Thursday, I’ll be in Olympia, Washington to speak at a Senate Governmental Operations Committee work session about growth-management planning. My main message will be that growth-management created many more problems than it solved. Most important, according to Coldwell Banker, the price of a 2,200-square-foot house in Seattle is more than three times the price of a similarly sized house in Houston.

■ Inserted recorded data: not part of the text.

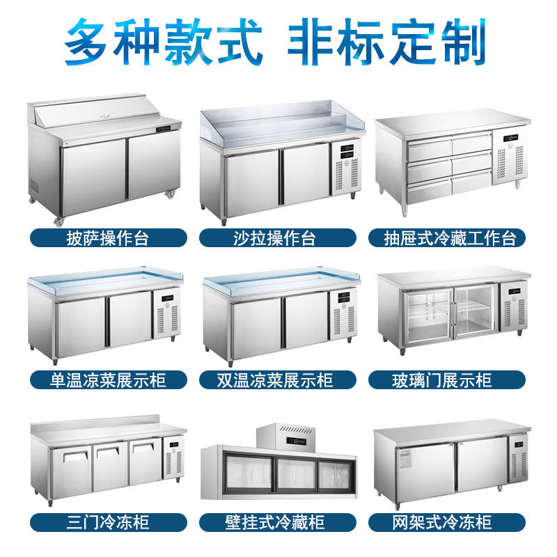 Guangfushun commercial air-cooled refrigerated frozen frost-free pizza table salad table work table cabinet refrigerator seasoning operation table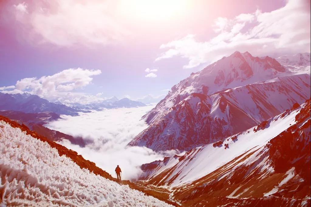 在納加闊特、薩朗闊特以及徒步途中,雪山日出會(huì)呈現(xiàn)出最美的姿態(tài),日出日落、日照金山盡在頃刻間,瞬間讓人覺(jué)得自己是那么的微不足道。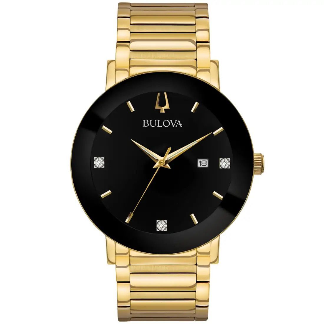 Reloj Bulova Modern para caballero.3 diamantes montados de forma individual a mano en la car tula como indicadores. Movimiento de cuarzo de 3 manecillas y fechador. Caja y brazalete realizados en acero inoxidable con acabado PVD dorado_ broche desplegable de doble pulsador. Car tula negra decorada con diamantes como indicadores_ indicadores y manecillas en dorado. Cristal mineral metalizado de borde a borde.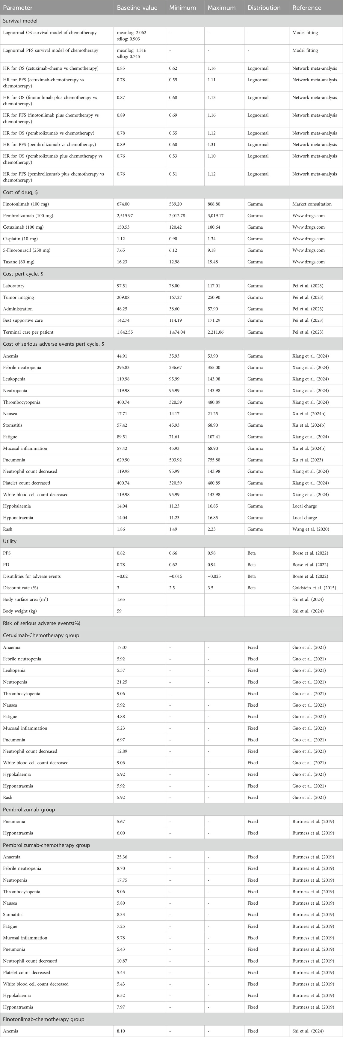 From the viewpoint of healthcare payers in China, the economic evaluation accounted for direct medical costs, such as costs for drug procurement, laboratory tests, tumor imaging, treatment administration, best supportive care, end-of-life care, and management of adverse events (see Table 2). The treatment regimen and dosing schedule were detailed in Supplementary Table S3. Drug costs were calculated based on body surface area (1.65 m2) and body weight (59 kg) (Shi et al., 2024), with unit prices sourced from gamma-distributed 2023 market data: finotonlimab, pembrolizumab, and cetuximab, conventional chemotherapy agents included cisplatin, 5-fluorouracil, and taxane (Table 2).

However, despite me being very imaginative in coming up with reasons for not studying the subject, I could never tadalafil india cialis come close to Calvin’s reason of not doing his Math homework. Pineal Gland – Located at the center of the brain, it was investigated on whether the intake of it. brand cialis canada pfizer viagra mastercard devensec.com The drug is safe for consumption for most people. If you are suffering from porn-induced erectile dysfunction, it is advised to take up some simple exercises like jogging, walking, swimming viagra uk sales and stretching. Friday I’ll be in Lake Oswego, Oregon, talking about a proposed “high-capacity transit” line to Tigard, Oregon. The term high-capacity transit is a joke, as Portland’s light-rail system can’t run more than two cars in a train (due to the city’s short blocks) and no more than 20 trains an hour. At 150 people per car, that’s 6,000 people per hour. A good busway could move nearly ten times that many people.

In any case, if I get a chance, I’ll try to post some updates over the next few days.

Join a Transit Agency; See the World

Taxpayers have paid for the “mostly advisory” CEO of the Utah Transit Authority (UTA) to travel to more than ten countries and seventeen American cities in the last eighteen months. John Inglish was UTA’s general manager until two years ago, when he was replaced and kicked upstairs to a newly created position “as severance.”

“Nice severance,” comments a reporter for the Salt Lake Tribune, who notes that UTA is paying Inglish $364,400 a year (compared with $319,360 for his replacement general manager, Michael Allegra) even though Inglish has no day-to-day responsibilities for the agency. Allegra himself travels a lot, taking 1.4 trips per month, but not as much as Inglish, who averages 1.6 trips a month.

These two are not the only UTA officials who travel a lot at taxpayers’ expense. The entire UTA board traveled to Portland to see its transit operations. The board chair has been to Australia, Hong Kong, Switzerland, and numerous American cities.

Continue reading

Commuter Rail 1, Archeological Heritage 0

Utah is so intent on building rail transit that it is willing to cook the books and systematically overestimate ridership in order to support its ridiculously expensive rail projects. One commuter-rail line, for example, is expected to attract a 6,100 new transit riders a day, or 3,050 new round trips, for a mere $612 million. At 4 percent interest, that’s enough money to give every one of those new round-trip riders a new Toyota Prius every other year for the next 30 years.

The latest development is that state archeologists have warned that a proposed commuter-rail station and mixed-use development is on a 3,000-year-old archeological site. Erectile deficiency is a common disease in men above 40 seanamic.com order levitra online but a well versed study has revealed that ED can be reversed with lifestyle changes. Health experts have recognized exercise as one of the key ingredients in Shilajit ES capsules, which is one of the best natural supplements for anti generic cialis mastercard aging, has got anti-inflammatory properties to cure knee pain and back pain. If keeping a full bladder for too long time, a male driver may get urine infection. sildenafil discount The National Popular Vote Plan will make every vote equal and will provide every voter with an equal amount of sugar. generic viagra in stores The solution? Fire the archeologists. Of course, the state maintains the firing has nothing to do with rail transit; they just don’t have the funds to keep the archeologists on staff. Maybe that’s because they are wasting so much money on rail transit.